:: GOAL OF THE EXERCISE ::
Reproduce each entry exactly, so that everything except the pictures is carried over.

:: EXERCISE DATA ::
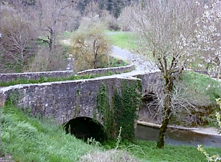 Nous noterons également le Pont médiéval sur le Cernon. Ce pont de calcaire d’une longueur de 30,20 mètres et d’une largeur de 2,70 mètres, possède deux arches, celle de gauche en plein cintre, celle de droite légèrement surbaissée. Il est composé d’une pile centrale avec avant et arrière-becs triangulaires, remontant jusqu’au parapet où ils font refuge. Ce pont est de la famille (en plus modeste) des ponts de Nant [5] de Trèves, de Vabres ou de Saint-Affrique. Une croix de pierre récente (1892) a été dressée sur l’avant-bec et porte le monogramme IHS. On remarque dans le bahut, à côté de la croix une cuvette régulière de 16 cm de diamètre formant un "bénitier".
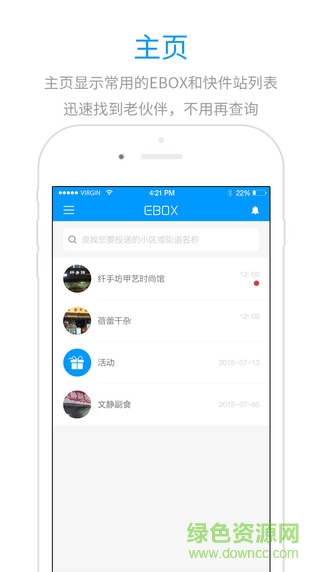 主页显示常用的易泊快递柜和易泊快件站列表,迅速找到老伙伴,不用再查询。
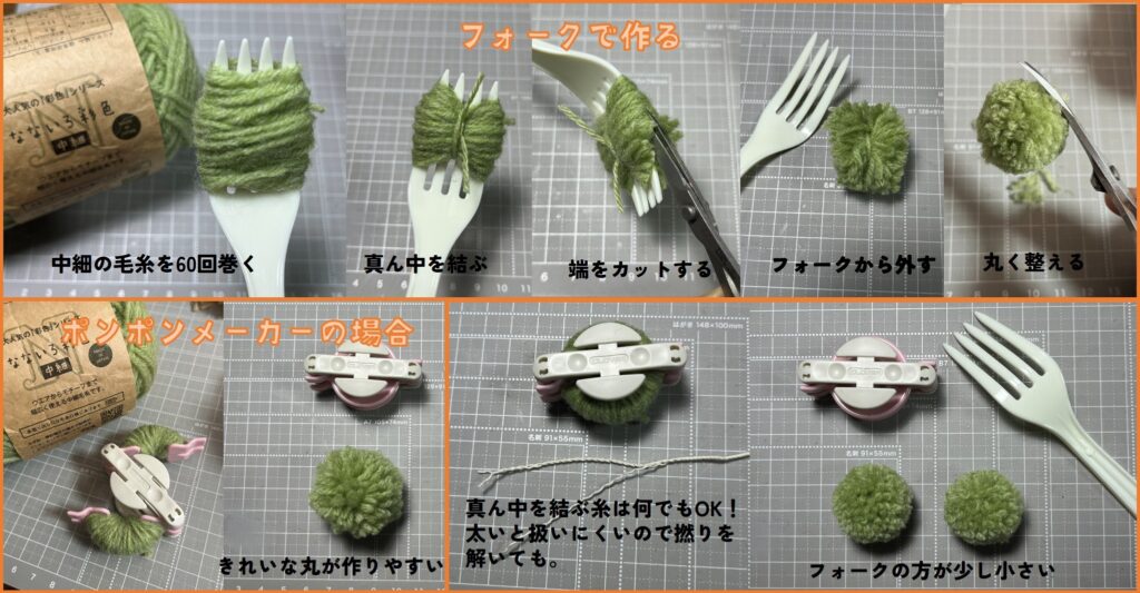 ぽんぽんは、市販のポンポンメーカーを使うときれいな丸い形に仕上がりやすいですが、
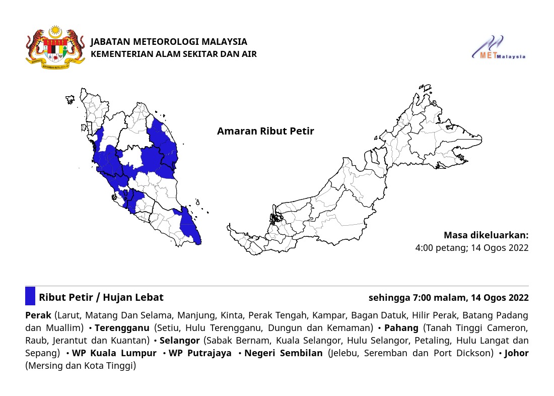 Amaran Ribut Petir 14/08/2022 1600 PM1 Norbazliah Cuaca 14 August 2022 Hits: 332 Rating: ( 0 Rating ) Please Rate Vote 1 Vote 2 Vote 3 Vote 4 Vote 5 Lihat / Muat Turun JPG Facebook Twitter Prev Next
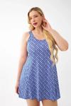Kadın Mavi Desenli Büyük Beden Elbise Mayo
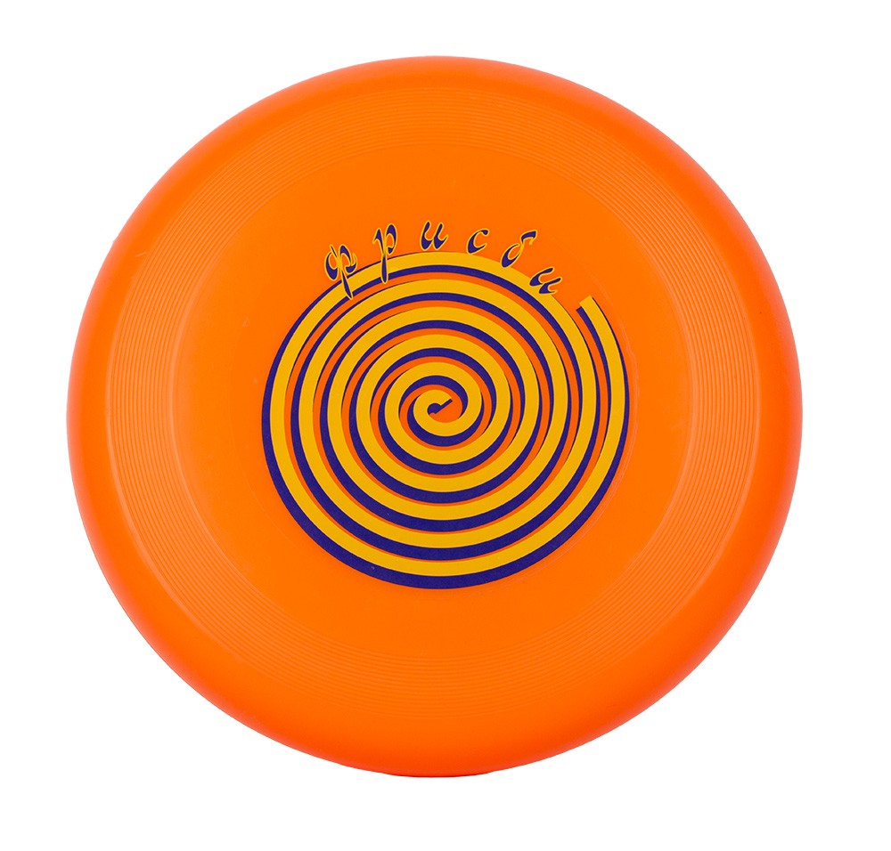 Фрисби изготовлена из высококачественной пластмассы. Это игровой снаряд, который запускают и ловят, представляет собой диск из пластика диаметром 26 см с загнутыми краями, внешне напоминающий тарелку. Он обладает замечательной аэродинамикой и отлично летает, а в воздухе его удерживает подъемная сила. Диск можно запускать под разными углами — он полетит одинаково хорошо. Игра способствуют развитию физической формы, развивает скорость реакции, ловкость, координацию.
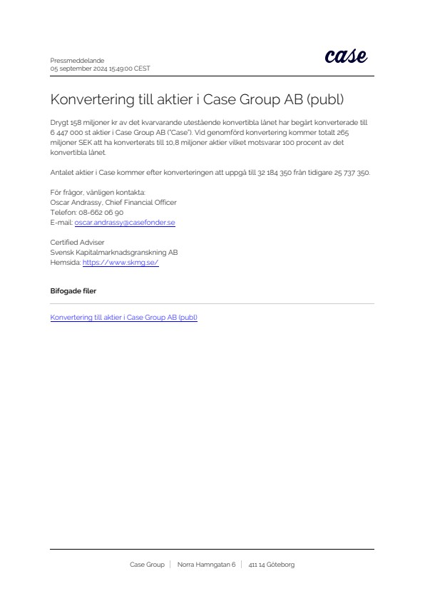 Drygt 158 miljoner kr av det kvarvarande utestående konvertibla lånet har begärt konverterade till 6 447 000 st aktier i Case Group AB (”Case”). Vid genomförd konvertering kommer totalt 265 miljoner SEK att ha konverterats till 10,8 miljoner aktier vilket motsvarar 100 procent av det konvertibla lånet.
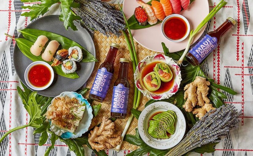 Poi Dog’s Maui Lavender Ponzu’s Lavender blossoms from Maui are steeped with katsuobushi in Japanese yuzu juice, shoyu and rice vinegar, creating a floral version of yuzu ponzu. Dip fried dumplings, sushi and sashimi into Maui Lavender Ponzu instead of soy sauce. Use it to transform noodles into a full meal or add a few dashes to olive oil for a quick, tropical vinaigrette.
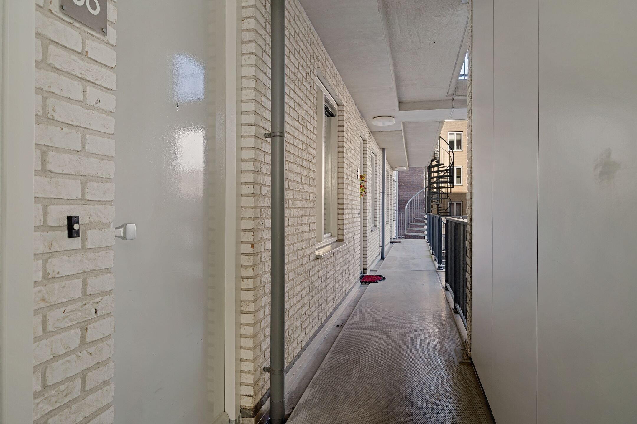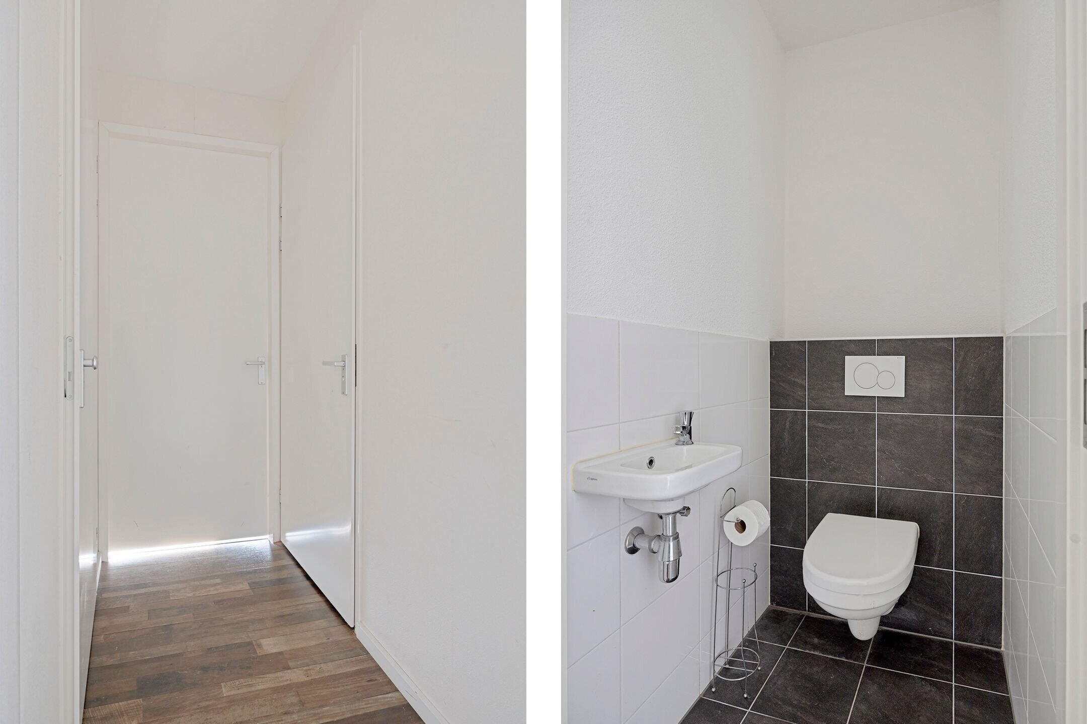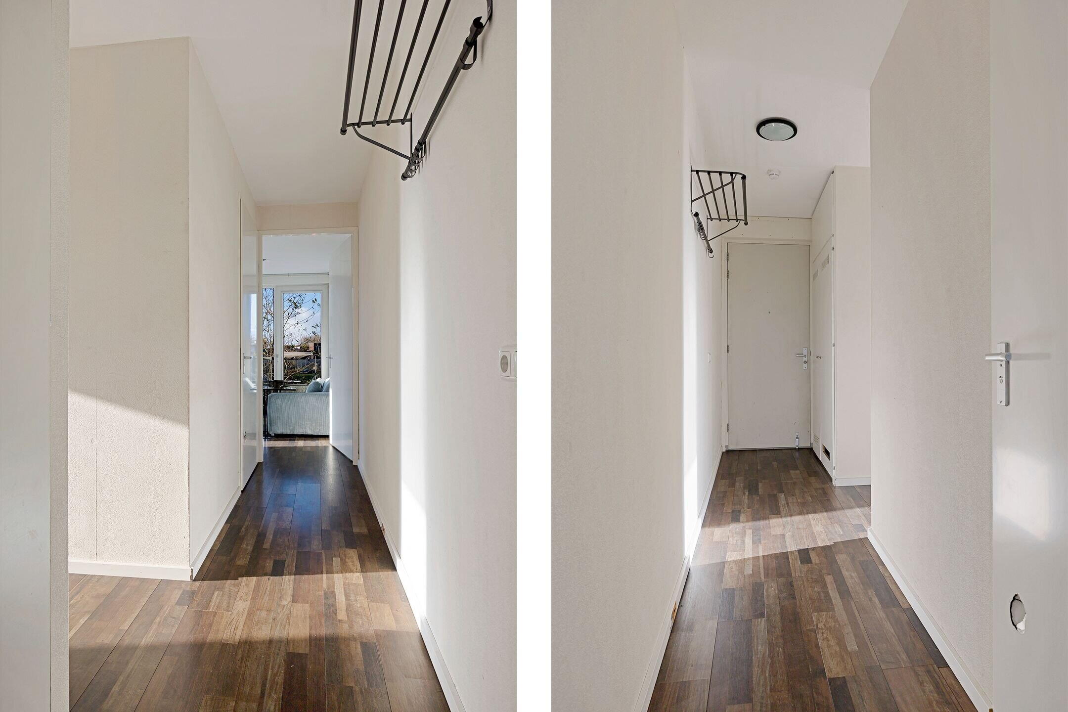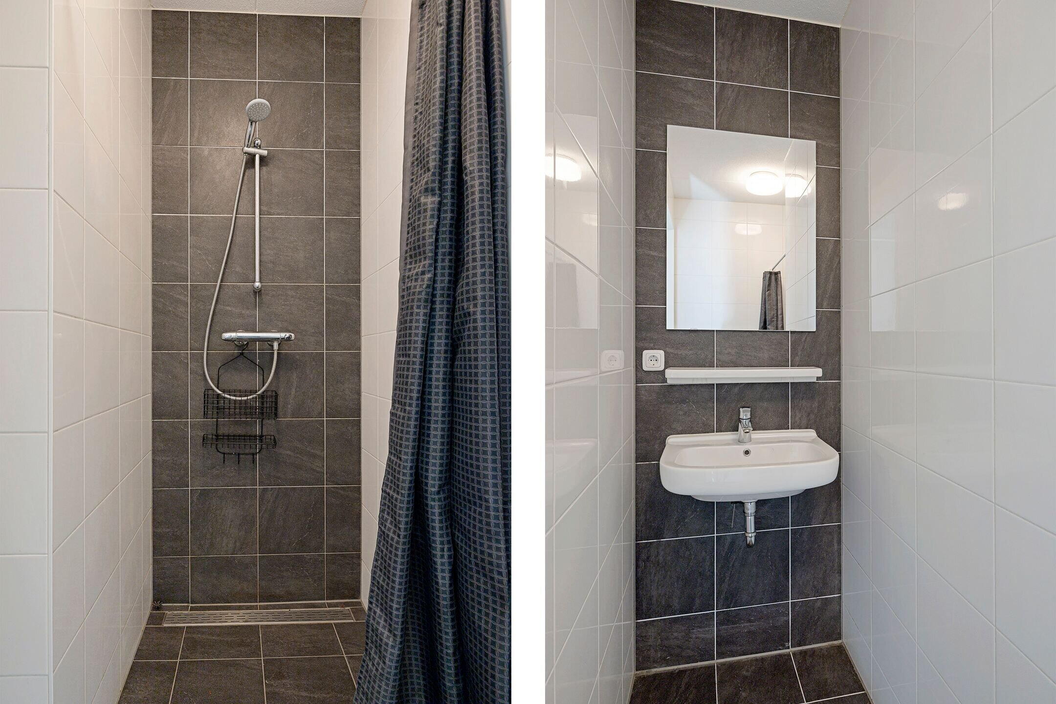 U komt het appartement binnen via de afgesloten centrale entree. Deze is voorzien van een lift en een trappenhuis. Vervolgens komt u bij binnenkomst van het appartement de hal binnen waar u de meterkast kunt vinden evenals toegang tot de slaapkamer. Vanuit de hal heeft u toegang tot de badkamer met wastafel, toilet en een ruime inloopdouche.

:: EXERCISE RESULT ::
 Nous noterons également le Pont médiéval sur le Cernon. Ce pont de calcaire d’une longueur de 30,20 mètres et d’une largeur de 2,70 mètres, possède deux arches, celle de gauche en plein cintre, celle de droite légèrement surbaissée. Il est composé d’une pile centrale avec avant et arrière-becs triangulaires, remontant jusqu’au parapet où ils font refuge. Ce pont est de la famille (en plus modeste) des ponts de Nant [5] de Trèves, de Vabres ou de Saint-Affrique. Une croix de pierre récente (1892) a été dressée sur l’avant-bec et porte le monogramme IHS. On remarque dans le bahut, à côté de la croix une cuvette régulière de 16 cm de diamètre formant un "bénitier".
 主页显示常用的易泊快递柜和易泊快件站列表,迅速找到老伙伴,不用再查询。
 ぽんぽんは、市販のポンポンメーカーを使うときれいな丸い形に仕上がりやすいですが、
 Amaran Ribut Petir 14/08/2022 1600 PM1 Norbazliah Cuaca 14 August 2022 Hits: 332 Rating: ( 0 Rating ) Please Rate Vote 1 Vote 2 Vote 3 Vote 4 Vote 5 Lihat / Muat Turun JPG Facebook Twitter Prev Next
Kadın Mavi Desenli Büyük Beden Elbise Mayo
 Фрисби изготовлена из высококачественной пластмассы. Это игровой снаряд, который запускают и ловят, представляет собой диск из пластика диаметром 26 см с загнутыми краями, внешне напоминающий тарелку. Он обладает замечательной аэродинамикой и отлично летает, а в воздухе его удерживает подъемная сила. Диск можно запускать под разными углами — он полетит одинаково хорошо. Игра способствуют развитию физической формы, развивает скорость реакции, ловкость, координацию.
 Drygt 158 miljoner kr av det kvarvarande utestående konvertibla lånet har begärt konverterade till 6 447 000 st aktier i Case Group AB (”Case”). Vid genomförd konvertering kommer totalt 265 miljoner SEK att ha konverterats till 10,8 miljoner aktier vilket motsvarar 100 procent av det konvertibla lånet.
 Poi Dog’s Maui Lavender Ponzu’s Lavender blossoms from Maui are steeped with katsuobushi in Japanese yuzu juice, shoyu and rice vinegar, creating a floral version of yuzu ponzu. Dip fried dumplings, sushi and sashimi into Maui Lavender Ponzu instead of soy sauce. Use it to transform noodles into a full meal or add a few dashes to olive oil for a quick, tropical vinaigrette.
 U komt het appartement binnen via de afgesloten centrale entree. Deze is voorzien van een lift en een trappenhuis. Vervolgens komt u bij binnenkomst van het appartement de hal binnen waar u de meterkast kunt vinden evenals toegang tot de slaapkamer. Vanuit de hal heeft u toegang tot de badkamer met wastafel, toilet en een ruime inloopdouche.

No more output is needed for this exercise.